Add to that, in most countries outside India, the one-year protection from an NDA may not be applicable and hence, you may immediately lose your right to patent your idea upon such disclosures. So, it may now be apparent that NDAs do not offer good protection for your ideas and your intellectual property rights.

The simplest, safest, and surest thing that all Startups can to do to avoid any or all such issues or hassles is to file a quick “provisional patent application” for their ideas. Often, based on your requirements, law firms can help you draft and file a patent application for your idea within a few days' time. After this, you are free to share or disclose your idea to anyone and on any public platform without any worry or concern about your idea being stolen or misused. Not just that, you can also now claim your idea to be a “patent pending technology” before customers or potential clients. To top it all, you could also approach potential investors and pitch them your “patent pending technology” while you seek investments with added confidence.

With so many advantages, Startups must be careful not to make the following mistakes until they've filed a patent application for their ideas:

  1. Website:

Do not reveal your idea or your offerings. If you have done so and not launched or shared it with anyone yet, it is advisable that you take it down immediately. Wait until a patent application has been filed to showcase it on your website.

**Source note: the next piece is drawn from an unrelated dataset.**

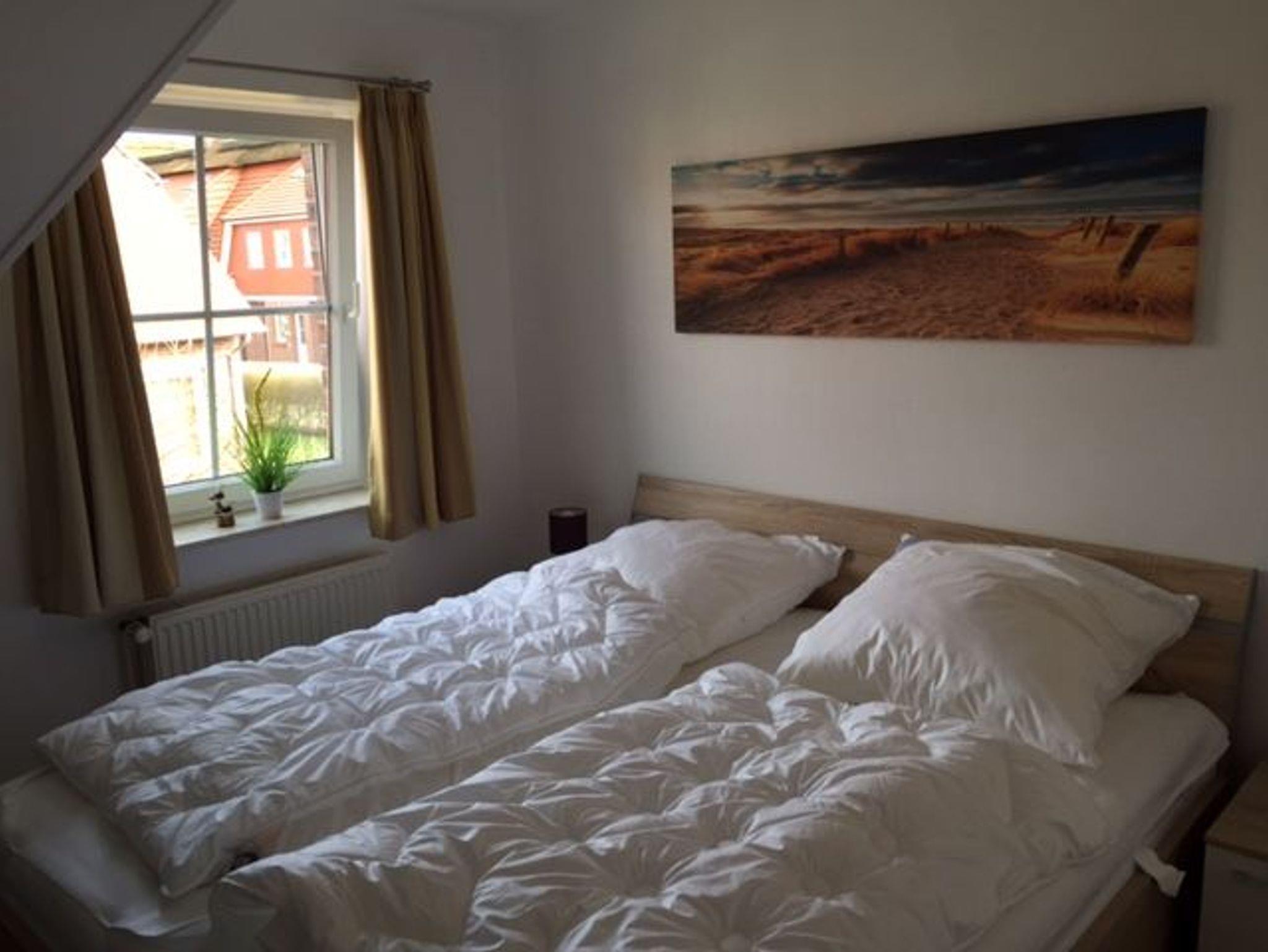 Im 1. OG sind das Bad mit Wickelkommode, das Elternschlafzimmer mit Doppelbett und ein Kinderzimmer mit zwei Einzelbetten und Unterschubausziehbett. Beide komplett abdunkelbar und mit Fliegengitter.

  1. Sales and marketing materials:

Do not distribute any sales or marketing materials to anyone. It is okay to prepare and keep them ready for distribution until a patent application has been filed.

  1. Product demos at trade shows:

Do not participate in or promote your product on any public platforms such as trade shows or Startup events until a patent application has been filed.

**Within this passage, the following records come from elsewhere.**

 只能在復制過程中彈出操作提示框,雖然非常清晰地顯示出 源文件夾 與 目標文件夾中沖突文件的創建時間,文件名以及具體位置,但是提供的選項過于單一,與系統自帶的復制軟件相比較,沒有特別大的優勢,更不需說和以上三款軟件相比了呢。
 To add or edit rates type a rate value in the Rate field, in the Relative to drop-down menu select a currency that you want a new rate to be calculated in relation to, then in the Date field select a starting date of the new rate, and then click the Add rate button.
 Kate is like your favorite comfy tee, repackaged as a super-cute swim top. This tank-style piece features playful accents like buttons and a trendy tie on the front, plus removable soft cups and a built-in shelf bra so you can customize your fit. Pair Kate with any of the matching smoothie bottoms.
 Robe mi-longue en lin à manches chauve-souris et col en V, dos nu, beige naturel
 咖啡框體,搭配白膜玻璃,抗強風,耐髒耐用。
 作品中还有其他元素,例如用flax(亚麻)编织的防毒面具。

  1. Product images, screenshots, videos shared online:

Do not showcase product/service images or videos on any public and/or social media platforms such as Youtube®, Facebook® or Instagram® until a patent application has been filed.

  1. Pilot projects with clients / Client demos:

It is advisable to wait until a patent application has been filed prior to making disclosures to potential clients. NDAs may act as an additional layer of legal security during such disclosures but ideally should not be relied upon as the only legal protection for your ideas.

With these precautions in place, we hope Startups, while being completely aware of the consequences of sharing their ideas openly, take the necessary step of filing a patent application prior to any public disclosure.

The content of this article is intended to provide a general guide to the subject matter. Specialist advice should be sought about your specific circumstances.